Surface ship imaging technology is widely used in military and civilian applications. To resolve the problem of imaging target positioning blur on sea surface, this paper proposes a method for estimating the velocity of the moving target using velocity synthetic aperture radar (VSAR). Firstly, this paper analyzes the imaging mechanism and constraints of the VSAR method, and establishes an imaging model based on phased array radar for surface ships. Then, the rate-frequency estimation method of the multi-antenna image domain is used to correct the azimuth offset, and the image moisture algorithm is used to complete the adaptive focusing of the target image.Finally, this method is used to simulate the moving ship on the sea. The simulation results show that VSAR can identify the type of target and judge the moving trend and trajectory of the moving target when dealing with the simultaneous existence of static and dynamic targets on the sea surface in large sea areas. Compared with the traditional single-channel SAR and the along track interferometer algorithm, the rate-frequency estimation algorithm solves the shortcomings of the azimuth positioning accuracy, and improves the positioning performance of the moving ship under large-area sea conditions, and has good application prospects.
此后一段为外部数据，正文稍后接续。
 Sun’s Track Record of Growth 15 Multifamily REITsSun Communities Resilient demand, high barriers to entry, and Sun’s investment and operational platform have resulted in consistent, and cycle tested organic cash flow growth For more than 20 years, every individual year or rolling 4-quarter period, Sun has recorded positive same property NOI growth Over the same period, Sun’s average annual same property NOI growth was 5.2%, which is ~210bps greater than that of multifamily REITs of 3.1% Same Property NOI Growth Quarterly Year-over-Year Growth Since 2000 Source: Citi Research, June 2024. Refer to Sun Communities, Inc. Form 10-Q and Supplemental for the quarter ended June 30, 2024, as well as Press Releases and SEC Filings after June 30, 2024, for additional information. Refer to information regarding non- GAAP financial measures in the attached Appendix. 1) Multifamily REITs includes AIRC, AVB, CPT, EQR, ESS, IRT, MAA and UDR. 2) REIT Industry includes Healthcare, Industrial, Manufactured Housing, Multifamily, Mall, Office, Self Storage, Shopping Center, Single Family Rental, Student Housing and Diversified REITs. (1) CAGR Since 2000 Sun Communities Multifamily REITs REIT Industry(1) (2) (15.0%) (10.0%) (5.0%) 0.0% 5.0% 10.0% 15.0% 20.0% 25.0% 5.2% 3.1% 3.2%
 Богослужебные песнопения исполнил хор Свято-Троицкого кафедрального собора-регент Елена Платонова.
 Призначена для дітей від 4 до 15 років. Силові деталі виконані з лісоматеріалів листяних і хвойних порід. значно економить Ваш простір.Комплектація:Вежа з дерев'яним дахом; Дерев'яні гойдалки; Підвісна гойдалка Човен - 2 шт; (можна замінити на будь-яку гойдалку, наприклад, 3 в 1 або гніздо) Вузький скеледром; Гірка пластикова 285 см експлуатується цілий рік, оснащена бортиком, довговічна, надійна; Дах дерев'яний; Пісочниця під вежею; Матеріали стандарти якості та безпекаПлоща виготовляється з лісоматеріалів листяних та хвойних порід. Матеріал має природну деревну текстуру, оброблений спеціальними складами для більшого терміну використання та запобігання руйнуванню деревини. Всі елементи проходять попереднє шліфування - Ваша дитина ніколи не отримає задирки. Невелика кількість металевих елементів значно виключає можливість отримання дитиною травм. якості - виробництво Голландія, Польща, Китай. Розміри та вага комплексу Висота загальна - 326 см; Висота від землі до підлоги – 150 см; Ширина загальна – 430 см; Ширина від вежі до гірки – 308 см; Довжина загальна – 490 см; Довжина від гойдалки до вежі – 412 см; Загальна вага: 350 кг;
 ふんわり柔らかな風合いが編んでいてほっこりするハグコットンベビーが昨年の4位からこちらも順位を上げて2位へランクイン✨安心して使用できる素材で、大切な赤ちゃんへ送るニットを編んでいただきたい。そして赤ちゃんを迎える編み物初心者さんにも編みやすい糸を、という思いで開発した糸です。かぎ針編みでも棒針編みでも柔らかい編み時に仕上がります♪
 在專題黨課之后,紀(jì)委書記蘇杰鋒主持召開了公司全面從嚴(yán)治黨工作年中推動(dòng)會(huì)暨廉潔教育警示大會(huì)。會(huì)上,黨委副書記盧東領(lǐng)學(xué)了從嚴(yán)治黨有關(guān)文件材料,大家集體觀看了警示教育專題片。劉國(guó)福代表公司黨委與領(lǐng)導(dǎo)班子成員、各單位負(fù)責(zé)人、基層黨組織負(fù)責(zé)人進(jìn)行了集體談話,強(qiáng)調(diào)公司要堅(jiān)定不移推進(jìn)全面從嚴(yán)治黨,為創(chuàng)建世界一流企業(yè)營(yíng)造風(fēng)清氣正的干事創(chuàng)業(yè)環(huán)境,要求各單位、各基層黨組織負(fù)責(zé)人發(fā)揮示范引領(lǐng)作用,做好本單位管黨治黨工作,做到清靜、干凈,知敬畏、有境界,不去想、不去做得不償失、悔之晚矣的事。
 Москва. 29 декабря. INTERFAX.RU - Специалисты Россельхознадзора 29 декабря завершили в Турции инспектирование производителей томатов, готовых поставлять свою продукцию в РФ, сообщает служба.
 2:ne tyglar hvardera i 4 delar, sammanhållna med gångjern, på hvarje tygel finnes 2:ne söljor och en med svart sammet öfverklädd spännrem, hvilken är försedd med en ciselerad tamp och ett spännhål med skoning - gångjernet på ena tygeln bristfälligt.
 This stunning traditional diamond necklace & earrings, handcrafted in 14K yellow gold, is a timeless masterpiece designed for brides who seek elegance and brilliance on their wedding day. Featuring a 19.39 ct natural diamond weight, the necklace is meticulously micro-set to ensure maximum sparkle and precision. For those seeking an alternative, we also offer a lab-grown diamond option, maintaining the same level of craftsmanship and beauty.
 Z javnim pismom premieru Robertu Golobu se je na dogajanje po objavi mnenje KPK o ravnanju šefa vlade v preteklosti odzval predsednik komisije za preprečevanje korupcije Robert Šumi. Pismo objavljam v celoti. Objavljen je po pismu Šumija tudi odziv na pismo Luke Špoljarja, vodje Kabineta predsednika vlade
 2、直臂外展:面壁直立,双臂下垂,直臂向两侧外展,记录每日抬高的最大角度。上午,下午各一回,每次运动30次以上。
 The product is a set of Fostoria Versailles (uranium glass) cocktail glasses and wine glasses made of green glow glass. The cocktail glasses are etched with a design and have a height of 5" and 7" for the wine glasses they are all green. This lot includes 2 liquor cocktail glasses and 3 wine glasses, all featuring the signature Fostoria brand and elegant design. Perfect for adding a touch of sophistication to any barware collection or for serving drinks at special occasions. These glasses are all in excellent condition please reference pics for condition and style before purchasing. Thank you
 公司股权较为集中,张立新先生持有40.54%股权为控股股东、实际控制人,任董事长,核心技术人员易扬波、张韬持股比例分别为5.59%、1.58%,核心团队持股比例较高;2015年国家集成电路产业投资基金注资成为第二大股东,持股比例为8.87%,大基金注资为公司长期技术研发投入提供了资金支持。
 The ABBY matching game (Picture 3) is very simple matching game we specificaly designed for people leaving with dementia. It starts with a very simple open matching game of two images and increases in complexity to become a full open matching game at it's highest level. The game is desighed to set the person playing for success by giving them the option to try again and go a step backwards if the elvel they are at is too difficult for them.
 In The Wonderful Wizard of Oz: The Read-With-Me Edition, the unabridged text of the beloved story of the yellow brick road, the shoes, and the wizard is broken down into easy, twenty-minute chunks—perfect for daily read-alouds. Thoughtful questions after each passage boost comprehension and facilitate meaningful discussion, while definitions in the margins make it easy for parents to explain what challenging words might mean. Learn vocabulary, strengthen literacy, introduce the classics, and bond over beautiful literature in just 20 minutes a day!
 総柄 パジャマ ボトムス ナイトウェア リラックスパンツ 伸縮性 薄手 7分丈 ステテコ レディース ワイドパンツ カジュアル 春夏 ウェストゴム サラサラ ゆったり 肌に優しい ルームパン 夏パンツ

Key words: phased array radar, velocity synthetic aperture radar (VSAR), ship moving target, sea surface

中图分类号:

TN957.51

张璘, 姜义成. 基于速度合成孔径雷达的海面舰船动目标成像方法[J]. 系统工程与电子技术, 2020, 42(1): 45-51.

Lin ZHANG, Yicheng JIANG. Imaging of moving surface ships based on velocity synthetic aperture radar[J]. Systems Engineering and Electronics, 2020, 42(1): 45-51.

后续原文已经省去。